The brawny man seemed to have relented, and he reached into the cart and lifted the boy out, paused, then looked at Peter.
“He’s a dead un,” the man said, and then just laid the body down by the side of the road.
Across the years of war, Peter had seen hundreds die, but this one seemed to him to be so pathetic, so futile. The boy’s death would not change the outcome one iota. Inwardly he cursed all the bastards who had dragged him to this place to die.
Peter looked down at the body, so pathetically small now.
“You get the laddie’s name?” the other driver asked.
“No.”
“Then no letter to his mother then,” the brawny man replied, but there was now a touch of pity in his voice.
“Damn war,” he continued, and reaching into his pocket he pulled out a flask and handed it to Peter.
“Think you need a drink, son.”
Peter nodded his thanks.
“First time you seen a man die like that?”
Peter took a long pull on the flask. “If you only knew,” was all he could say. Peter offered the flask back but the man refused.

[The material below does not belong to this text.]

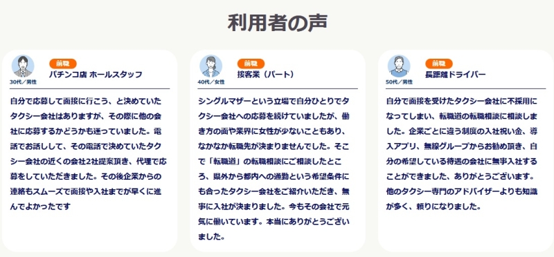 一般的な総合転職サイトとは異なり、タクシー業界に特化している点が最大の特徴です。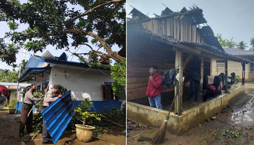 Setelah angin puting beliung berlalu dan sudah tidak ada lagi. Warga saing bahu membahu bersama pihak Muspika dan Kepolisian, membantu memasang seng rumah warga.

“Keep it. Call it an apology for what I said earlier.”
“Thank you.”
The militiaman turned and walked off, Peter put the flask in his haversack, slowly walking through and around the thousands of laboring men, the causeway gaining yards with every passing minute. Coming at last out of the far side of the marsh, he saw that the main battleline had come to a stop, a good quarter mile closer in to Yorktown, while a quarter mile beyond them a lively duel between skirmishers now ensued.
Off in the distance he saw Washington riding along the line, pausing to chat with officers and men as they waited for the order to continue the advance. He wondered yet again what the general was thinking and feeling at this moment. Most likely joyful as he should be, as any general would be after so many years of struggle and the agony of the long march here, and in the equation of all of that the death of a British soldier was just one more step closer to victory.
An occasional musket ball hummed past the general, but he paid it no heed, he rarely did, and would be stunned when after a battle someone would point out the number of bullet holes in his coat, a shattered canteen, a bent saber scabbard, a ball clipping his hat. During the blessed times that Martha had stayed with him in winter quarters, if bored, she would rummage through his uniforms for something to darn and then cry out with horror when she discovered another near miss. She would then lecture him sternly, even bringing his staff in on several occasions, yelling at them to keep better watch of their “beloved general.”
Of course, old Billy Lee would always side with her and she would lovingly patch his poked clothing. Billy Lee, ever-present, was up to his usual routine of trying to ever so casually move himself between his general and the incoming fire and if confronted too crossly would fall back on the defense. “Sir, Missus Washington, she ordered me to do this, and you and I both know we don’t go against her word.” No one would dare laugh if within his sight, but he knew the response would always draw chuckles behind his back and nods of approval and encouragement from his staff.
Today with Rochambeau by his side, Billy Lee was up to his usual routine, and Washington could not help but note that on Rochambeau’s staff, several were doing the same, though with more than a bit of French bravado, striking heroic poses as in a painting. Though there had been a moment of levity when one ball had nicked the mount of one of his staff, poor animal had its nose badly creased. The animal had bolted off in a panic, finally throwing the now-frightened young officer. Rochambeau, ever the gentleman and concerned officer, had leaped from his mount and gone to the side of the shaken and now thoroughly embarrassed young man. The old line infantry behind them struggling to contain their laughter, while Rochambeau made a great display of praising him, patting him on the back, offering him a drink, and then diplomatically sending him to the rear with some trivial dispatch.